• THE DATA

┏━━

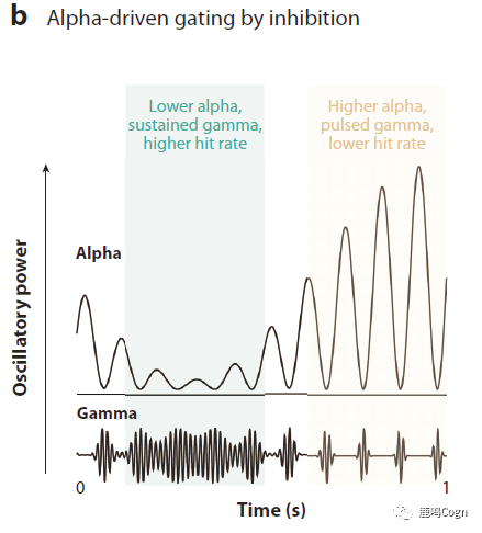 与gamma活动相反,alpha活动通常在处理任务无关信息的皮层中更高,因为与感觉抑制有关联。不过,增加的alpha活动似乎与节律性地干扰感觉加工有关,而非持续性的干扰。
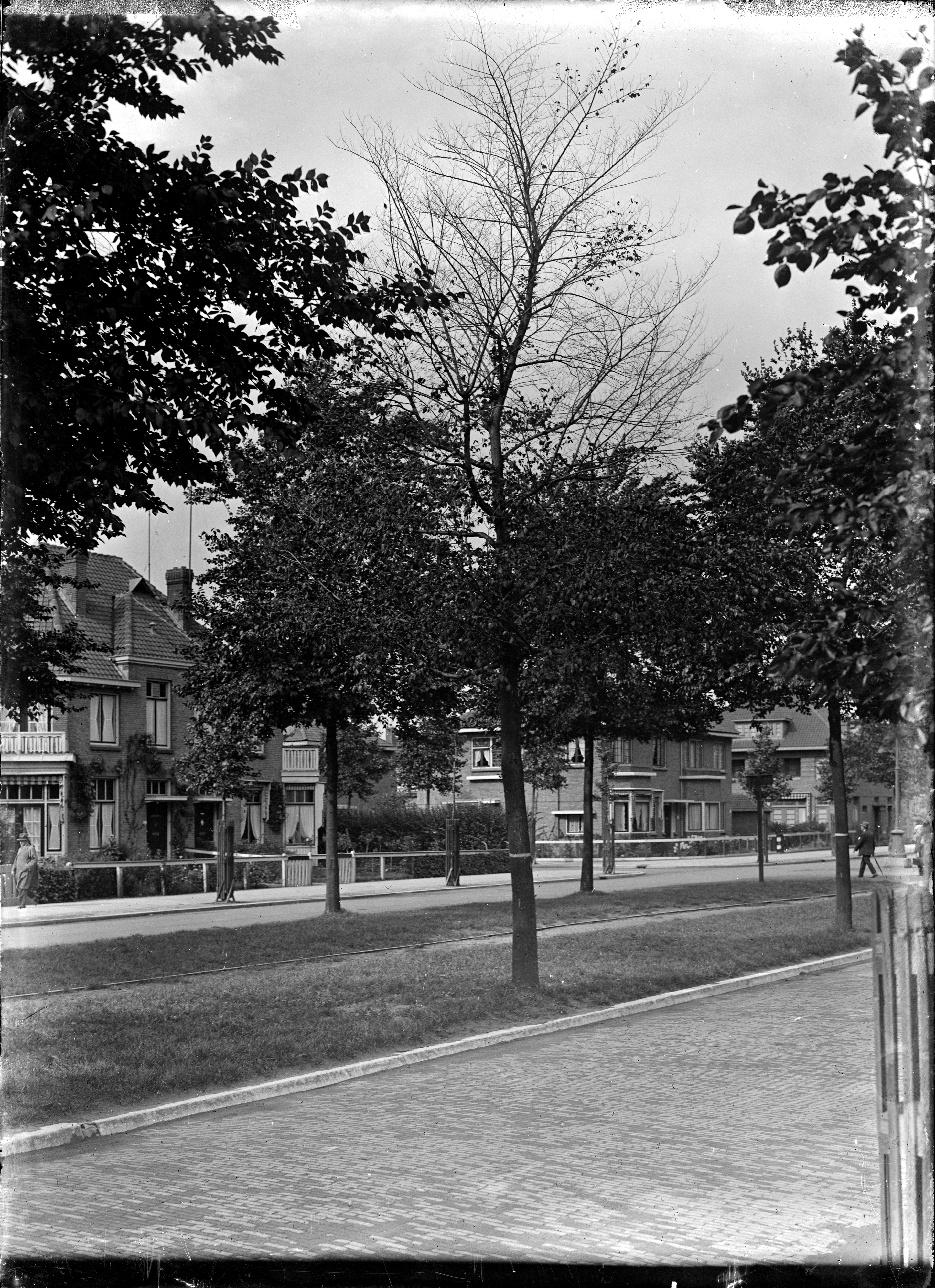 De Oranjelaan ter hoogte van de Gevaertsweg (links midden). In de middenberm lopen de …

┗━━
┏━━

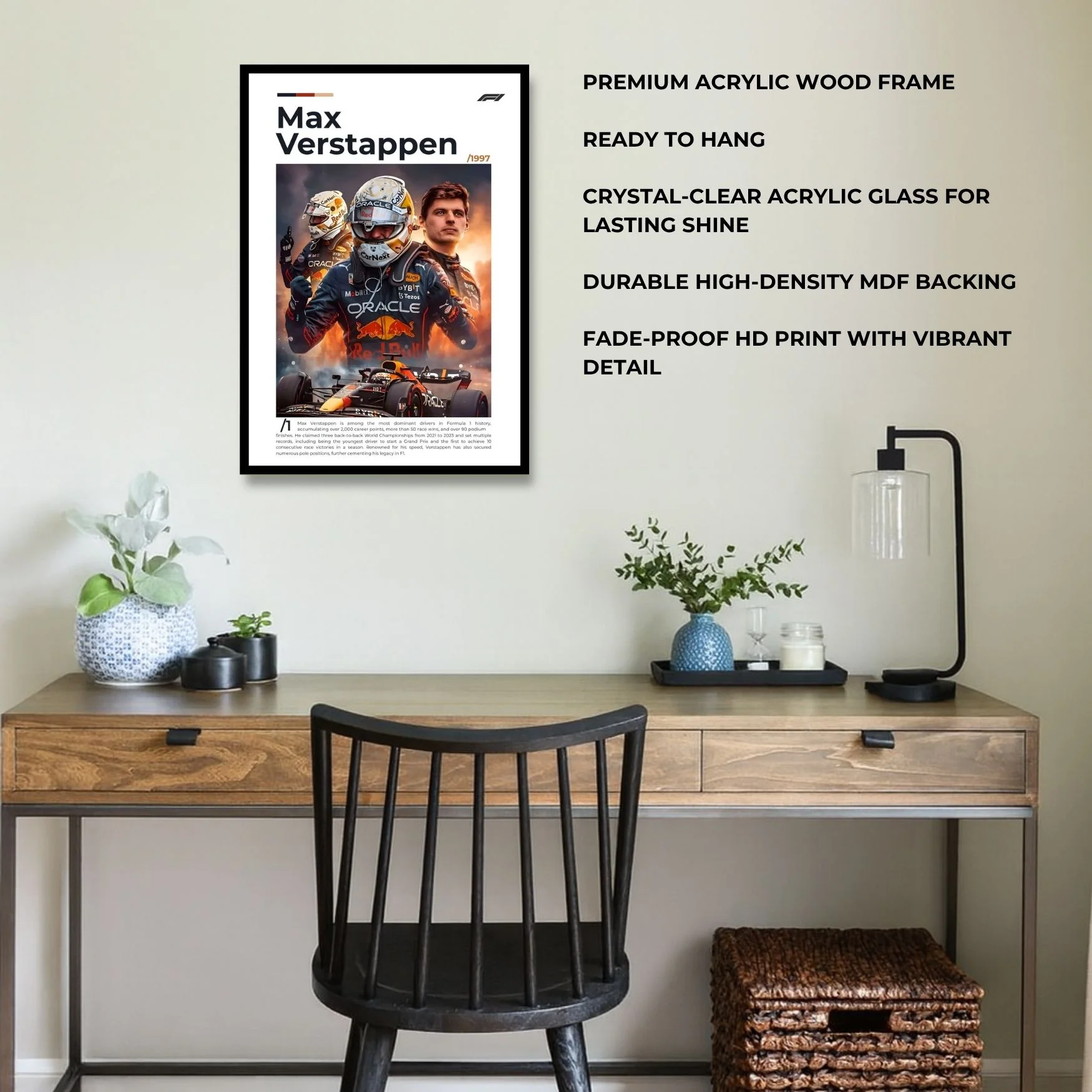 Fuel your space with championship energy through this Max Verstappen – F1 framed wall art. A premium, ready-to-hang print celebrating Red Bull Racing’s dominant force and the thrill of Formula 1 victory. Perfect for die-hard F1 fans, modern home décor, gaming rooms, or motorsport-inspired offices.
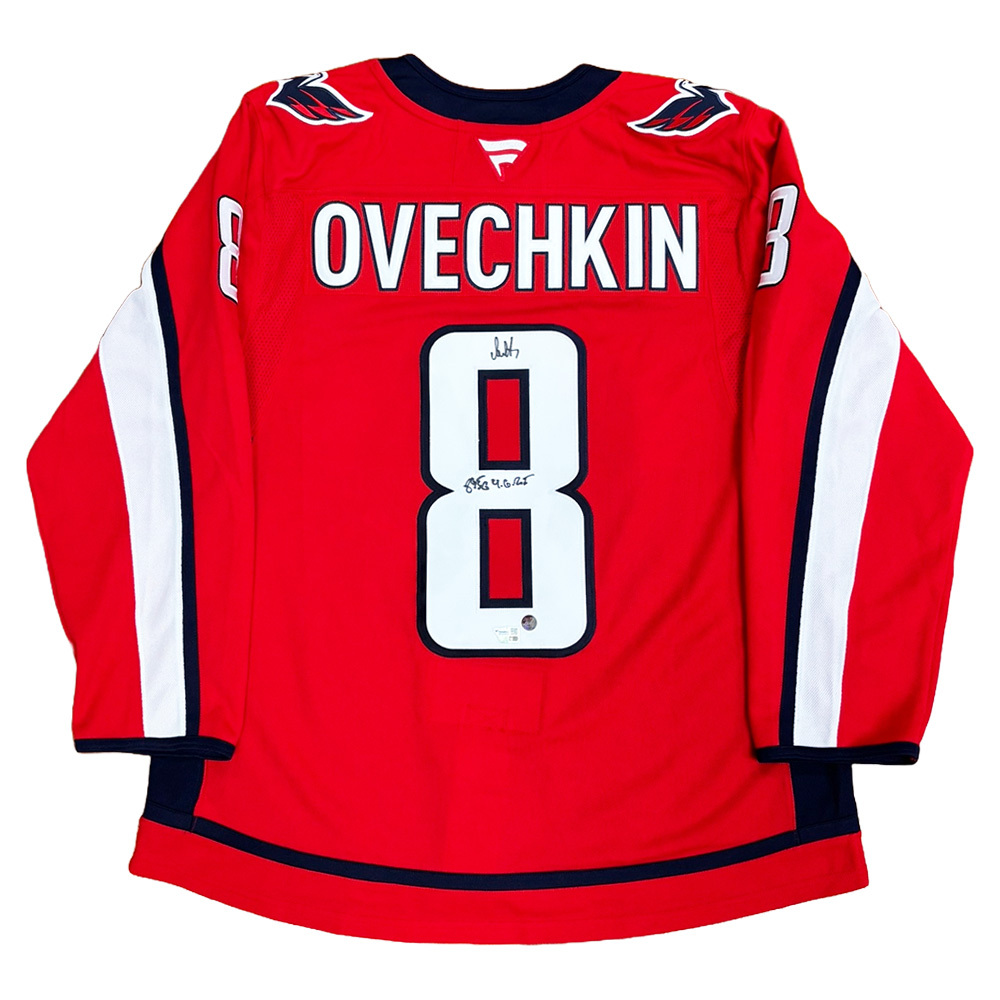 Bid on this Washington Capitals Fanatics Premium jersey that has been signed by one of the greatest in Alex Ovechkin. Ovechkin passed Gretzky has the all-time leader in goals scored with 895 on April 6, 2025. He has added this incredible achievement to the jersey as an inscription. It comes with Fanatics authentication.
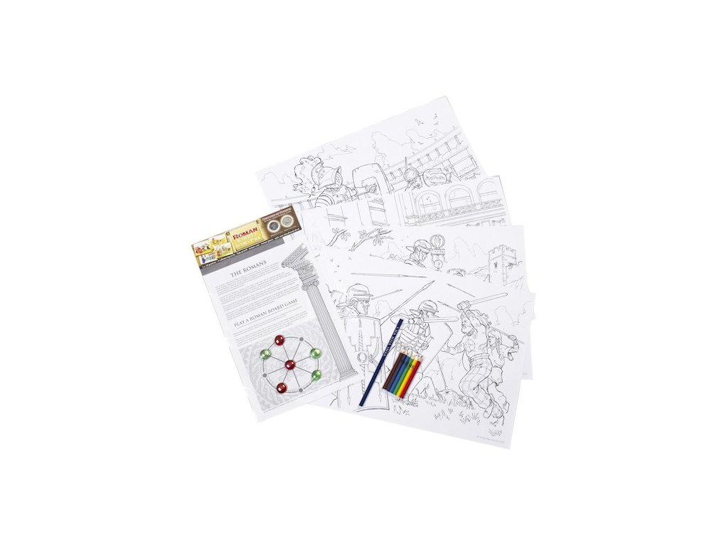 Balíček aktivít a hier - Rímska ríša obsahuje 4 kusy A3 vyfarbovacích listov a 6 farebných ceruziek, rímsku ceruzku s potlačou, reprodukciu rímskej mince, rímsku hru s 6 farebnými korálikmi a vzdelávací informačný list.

┗━━

• WHAT IS EXPECTED
Using the material above, transcribe exactly the lines from the one holding "与gamma活动相反,alp" to the one holding "De Oranjelaan ter", both ends kept. Do not carry over any pictures.

• ANSWER BOX
 与gamma活动相反,alpha活动通常在处理任务无关信息的皮层中更高,因为与感觉抑制有关联。不过,增加的alpha活动似乎与节律性地干扰感觉加工有关,而非持续性的干扰。
 De Oranjelaan ter hoogte van de Gevaertsweg (links midden). In de middenberm lopen de …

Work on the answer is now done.